Furthermore 1515 S Van Ness and 3314 Cesar Chavez would be GREAT projects. I live two/three blocks from there and I welcome those sites to be redeveloped. Does it make sense to have construction HQs in a residential neighborhood? No. Those business belong in a more industrial part of town. Calle 24 businesses would thrive with an additional 160-200 people in the neighborhood.
People are fooling themselves if they think these are reasonable demands.
In case you want to know what 30% of median is in SF http://sf-moh.org/modules/showdocument.aspx?documentid=8829
Good recap on the meeting.

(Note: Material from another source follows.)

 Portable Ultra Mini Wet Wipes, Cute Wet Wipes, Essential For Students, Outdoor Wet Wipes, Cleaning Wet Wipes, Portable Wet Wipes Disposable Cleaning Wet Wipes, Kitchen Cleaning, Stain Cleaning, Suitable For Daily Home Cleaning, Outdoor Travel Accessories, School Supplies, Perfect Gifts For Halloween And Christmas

Here’s a short vid I made of excerpts from Monday night:
Frankly, I thought it was wrong to not challenge Sheriff Mirkarimi, the man whose department carries out evictions, during the meeting. Want an eviction free district? Tell him to stop evicting people is one step in that direction.
Build baby build!
I don’t understand what these people think will happen if building stops? Demand is clearly high here; if there is no new supply, does anyone think that owners of existing property won’t jump to supply that demand (by renovating their crumbling property into luxe rentals/condos?)